#### [MATERIAL TO PROCESS]
◆ ◆ ◆

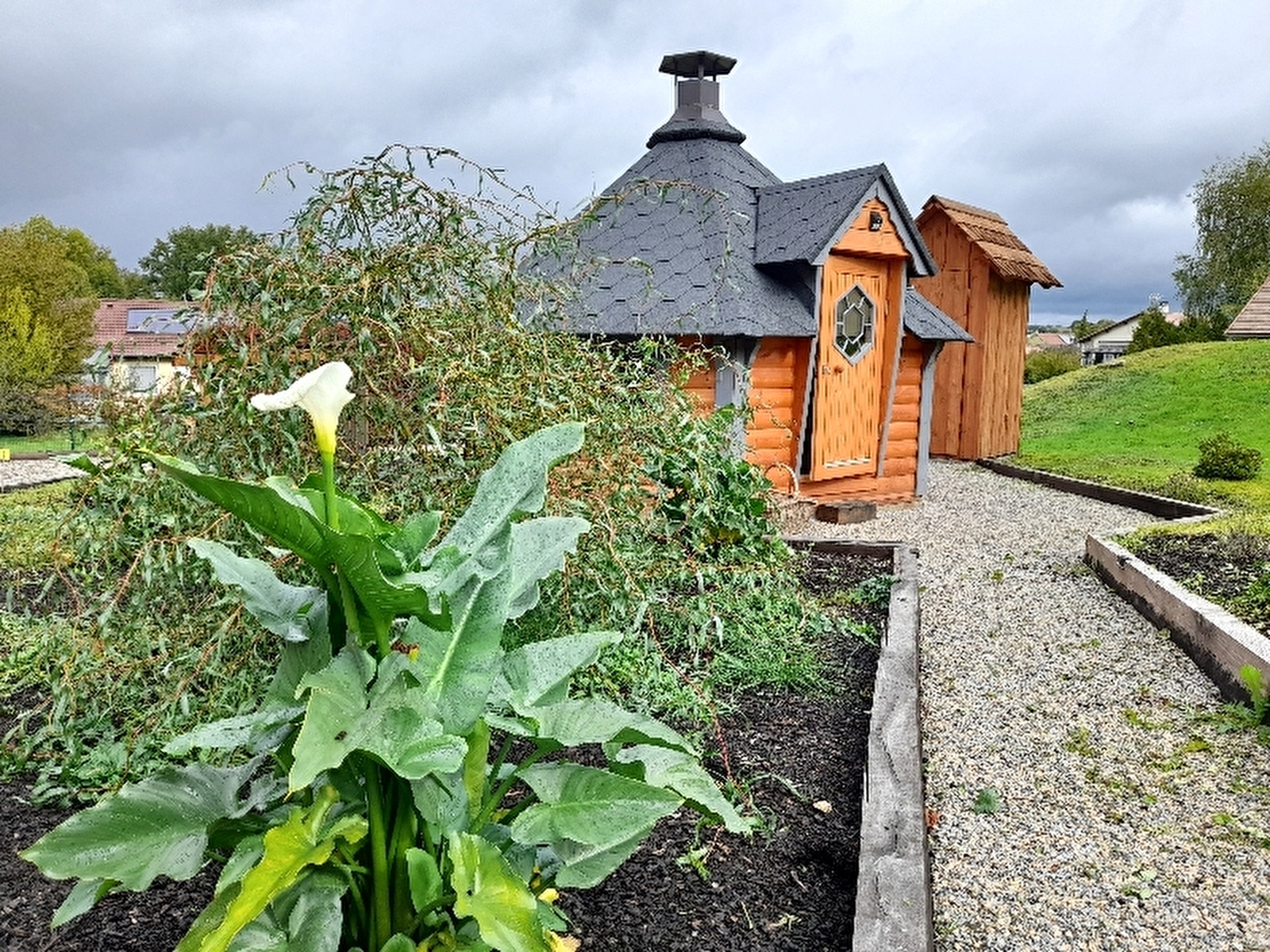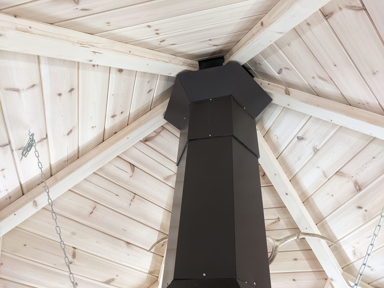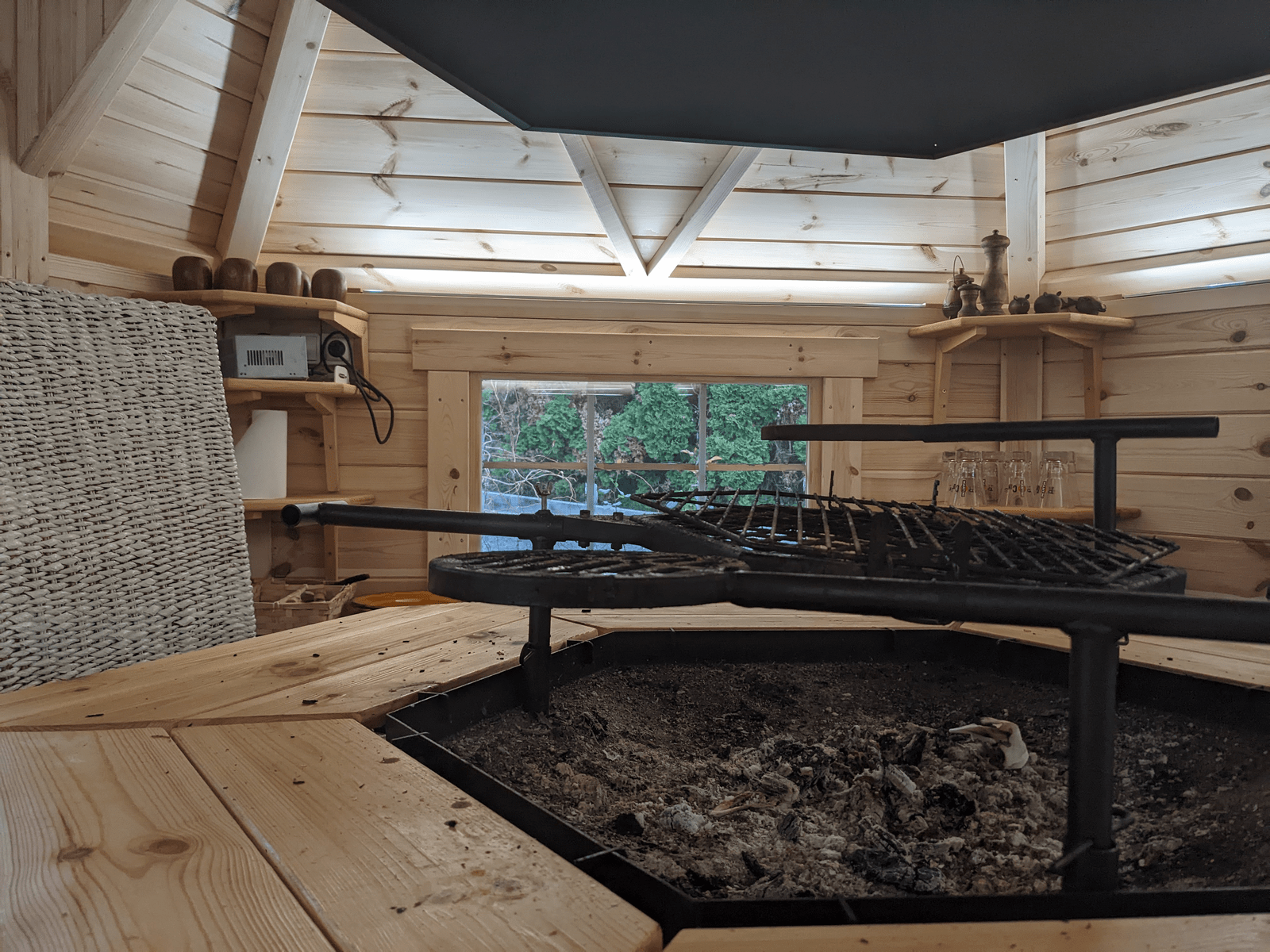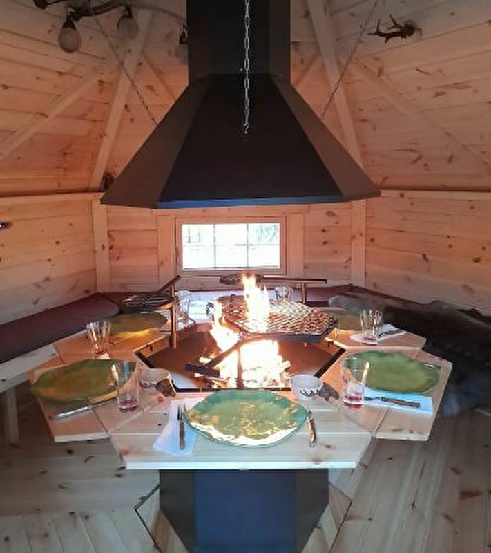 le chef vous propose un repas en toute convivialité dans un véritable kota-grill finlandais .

◆ ◆ ◆

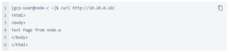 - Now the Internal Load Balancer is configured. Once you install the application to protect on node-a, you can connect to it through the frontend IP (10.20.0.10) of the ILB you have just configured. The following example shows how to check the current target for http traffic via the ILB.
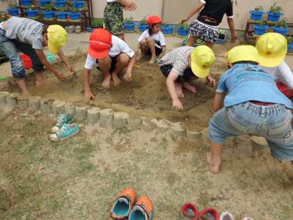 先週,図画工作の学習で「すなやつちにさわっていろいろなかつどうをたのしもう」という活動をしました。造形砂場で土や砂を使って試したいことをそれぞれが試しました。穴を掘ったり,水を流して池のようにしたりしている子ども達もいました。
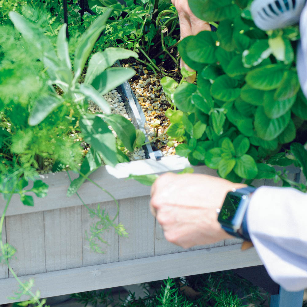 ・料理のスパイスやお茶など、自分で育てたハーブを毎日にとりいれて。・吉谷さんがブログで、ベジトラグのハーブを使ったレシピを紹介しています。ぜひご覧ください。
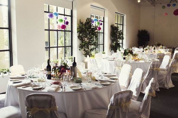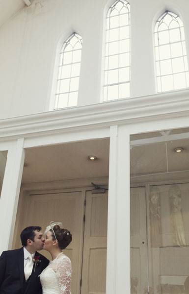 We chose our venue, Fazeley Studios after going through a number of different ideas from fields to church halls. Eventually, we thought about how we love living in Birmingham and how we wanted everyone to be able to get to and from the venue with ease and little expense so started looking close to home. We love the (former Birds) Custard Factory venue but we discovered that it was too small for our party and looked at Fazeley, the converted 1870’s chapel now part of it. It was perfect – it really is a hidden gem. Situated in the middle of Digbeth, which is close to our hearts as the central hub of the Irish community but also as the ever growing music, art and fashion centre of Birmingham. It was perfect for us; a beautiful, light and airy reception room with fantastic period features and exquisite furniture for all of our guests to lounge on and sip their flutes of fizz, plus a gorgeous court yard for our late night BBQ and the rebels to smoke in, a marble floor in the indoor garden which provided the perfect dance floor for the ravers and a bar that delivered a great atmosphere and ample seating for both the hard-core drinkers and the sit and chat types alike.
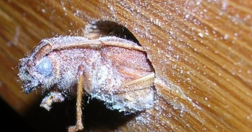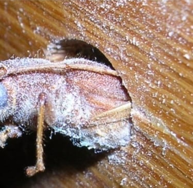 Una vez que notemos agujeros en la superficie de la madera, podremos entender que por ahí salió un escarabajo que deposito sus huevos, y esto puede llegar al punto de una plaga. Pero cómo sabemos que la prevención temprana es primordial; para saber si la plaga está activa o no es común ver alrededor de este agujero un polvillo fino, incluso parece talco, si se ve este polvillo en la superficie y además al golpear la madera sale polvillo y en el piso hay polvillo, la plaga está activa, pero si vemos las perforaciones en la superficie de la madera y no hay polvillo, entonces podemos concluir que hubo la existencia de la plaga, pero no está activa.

◆ ◆ ◆

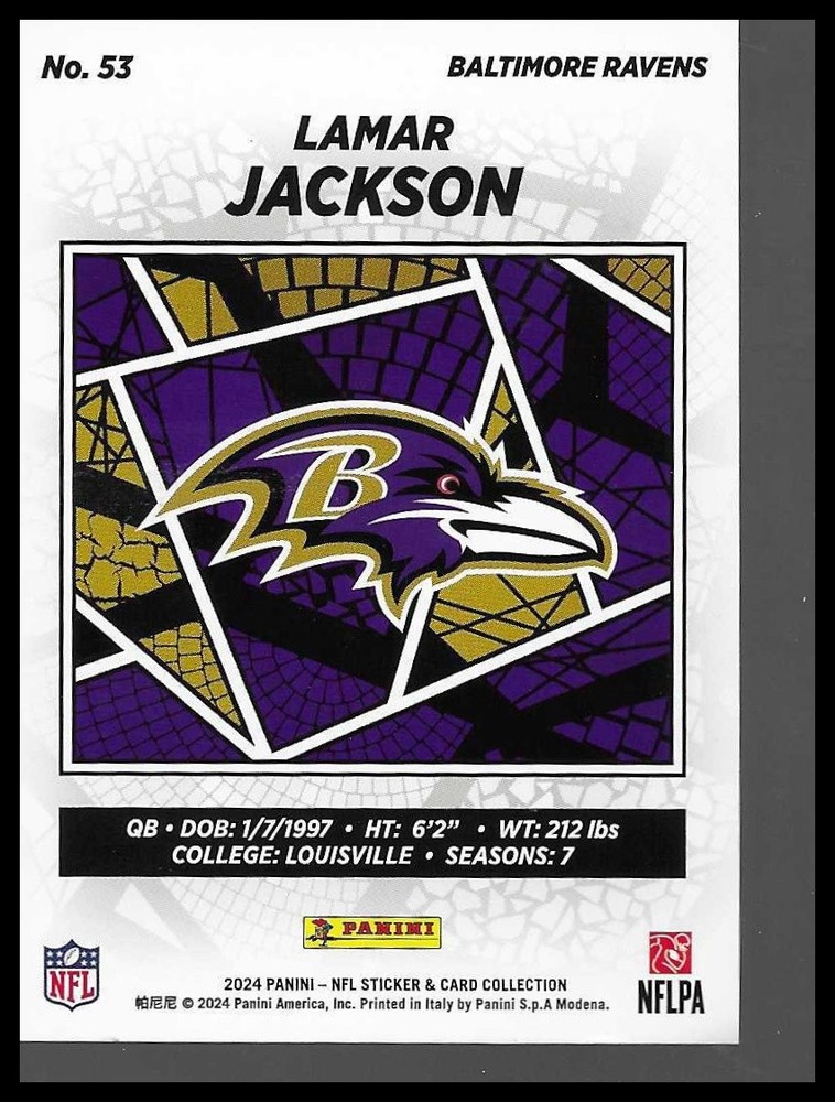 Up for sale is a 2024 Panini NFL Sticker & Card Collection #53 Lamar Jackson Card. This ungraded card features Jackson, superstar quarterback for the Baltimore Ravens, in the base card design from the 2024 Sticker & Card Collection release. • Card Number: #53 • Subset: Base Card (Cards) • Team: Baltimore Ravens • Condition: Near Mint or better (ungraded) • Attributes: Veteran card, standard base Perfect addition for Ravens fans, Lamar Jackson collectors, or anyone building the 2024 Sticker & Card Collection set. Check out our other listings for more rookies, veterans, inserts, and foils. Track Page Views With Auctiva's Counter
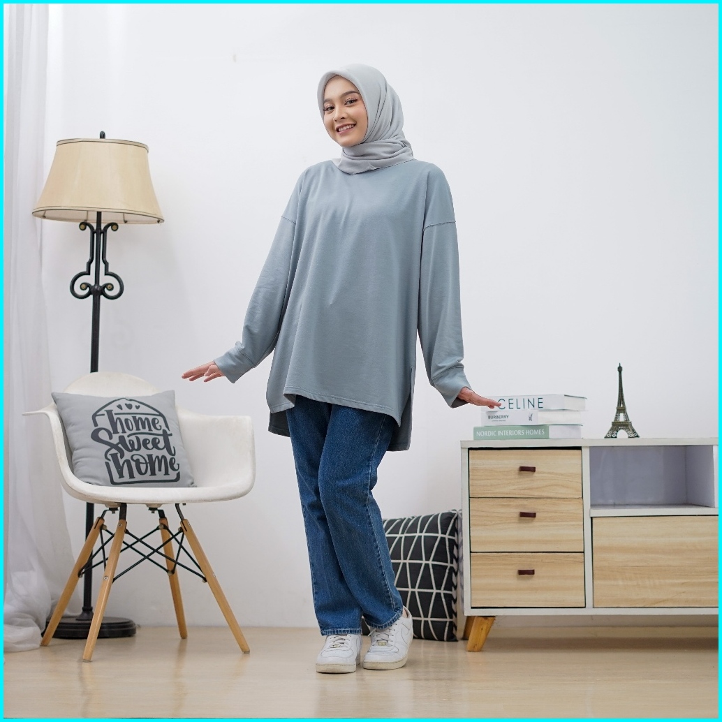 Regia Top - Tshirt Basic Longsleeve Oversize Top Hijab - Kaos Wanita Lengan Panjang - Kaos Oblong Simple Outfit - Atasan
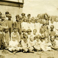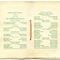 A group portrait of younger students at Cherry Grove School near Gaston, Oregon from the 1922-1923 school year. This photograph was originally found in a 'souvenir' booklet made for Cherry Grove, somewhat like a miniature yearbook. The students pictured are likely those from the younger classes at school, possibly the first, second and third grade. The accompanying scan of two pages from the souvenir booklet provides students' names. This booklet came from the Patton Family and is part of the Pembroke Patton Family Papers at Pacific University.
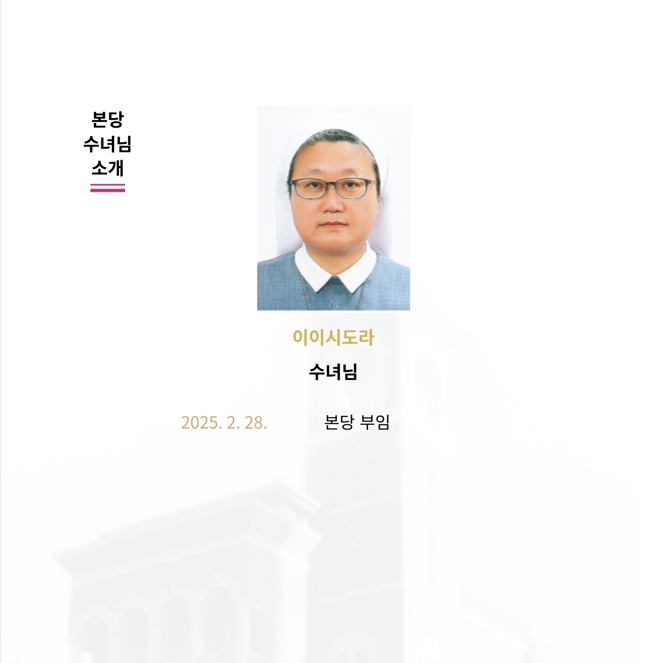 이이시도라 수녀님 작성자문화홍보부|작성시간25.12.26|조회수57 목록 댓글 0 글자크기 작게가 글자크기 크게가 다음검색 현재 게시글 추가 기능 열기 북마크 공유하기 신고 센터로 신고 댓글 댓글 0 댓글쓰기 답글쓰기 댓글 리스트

◆ ◆ ◆

#### [YOUR INSTRUCTIONS]
Among the entries above, take the line with "Regia Top - Tshirt", the line with "이이시도라 수녀님 작성자문화홍보부|작성시간25.12.26|조회수57", and all the lines between them, and restate them word for word without pictures.

#### [WRITTEN REPLY]
 Regia Top - Tshirt Basic Longsleeve Oversize Top Hijab - Kaos Wanita Lengan Panjang - Kaos Oblong Simple Outfit - Atasan
 A group portrait of younger students at Cherry Grove School near Gaston, Oregon from the 1922-1923 school year. This photograph was originally found in a 'souvenir' booklet made for Cherry Grove, somewhat like a miniature yearbook. The students pictured are likely those from the younger classes at school, possibly the first, second and third grade. The accompanying scan of two pages from the souvenir booklet provides students' names. This booklet came from the Patton Family and is part of the Pembroke Patton Family Papers at Pacific University.
 이이시도라 수녀님 작성자문화홍보부|작성시간25.12.26|조회수57 목록 댓글 0 글자크기 작게가 글자크기 크게가 다음검색 현재 게시글 추가 기능 열기 북마크 공유하기 신고 센터로 신고 댓글 댓글 0 댓글쓰기 답글쓰기 댓글 리스트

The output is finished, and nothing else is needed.